A recurring trend in The Discourse about why Deadfire performed badly, commercially, is the examination of Steam Achievements for the first game. This type of analysis is not unique to Deadfire, but it exposes some confirmation bias when you compare it to competitor titles.
First, it's true that less than half the people who played Pillars I (through Steam) completed Act I, and only 13% completed the game. RIP in pieces. For later comparison, For a first time player going at a normal pace, Act I takes 4 to 6 hours to complete.
Some argue that despite getting great press reviews / good user reviews, this mean players *actually* didn't like it and the idea of making a sequel was inherently stupid because look at the stats!

The problem with that conclusion is that those sort of stats are not uncommon.
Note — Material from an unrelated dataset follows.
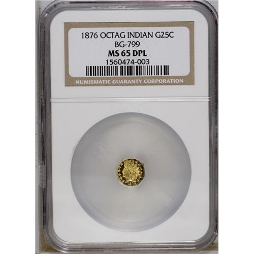 <B>1876 25C Indian Octagonal 25 Cents, BG-799E, High R.7, MS65 Deep Mirror Prooflike NGC.</B></I> Misattributed by NGC as BG-799. A boldly struck and radiant Gem with strongly mirrored fields and pleasing cameo contrast. A small planchet flaw (as made) is noted above the A in DOLLAR.<BR><BR><b>Shipping:</b> Coins & Currency (<a target="_blank" href="http://www.heritageauctions.com/common/shipping.php">view shipping information</a>)

These are the stats for Divinity: Original Sin EE, completing an early area quest and the entire game. If 13% completion suggests that you should not make a sequel, certainly 10% would be an even worse sign - but D:OS2 was a phenomenal breakout hit.
These are the stats for Pathfinder: Kingmaker. PF:K has a 7 Act structure, so it's hard to do a direct comparison, but let's use one of the first big quests you're supposed to complete, then the end of the game. This is the lowest completion rate of the three, with 7%.
Owlcat did a Kickstarter for their next Pathfinder game and it's made a ton of money. A 7% game completion rate clearly does not mean the community collectively did the Klingon discommendation ceremony on the studio and the series.
All of this is not to defend Pillars I or Deadfire as games, on their own or relative to competitors, but to say that the argument that achievement stats indicate people hated the game, and THEREFORE the decision to make a sequel was inherently bad and wrong, is not sound.
I mean, the most commercially successful game I've worked on, Fallout: New Vegas, has a 47% completion rate for They Went That-A-Way, which is a rough Act I completion analogue. It's within 1% of Pillars 1's Act I completion rate. Also the game sold over 12 million copies.🤷
I think it's perfectly fine to argue that I'm dumb, we're all incompetent, the games are bad for various reasons, but the Steam Achievement completion rates are very much in line with similar games.

I've said this before (recently, in fact), but most people don't finish games.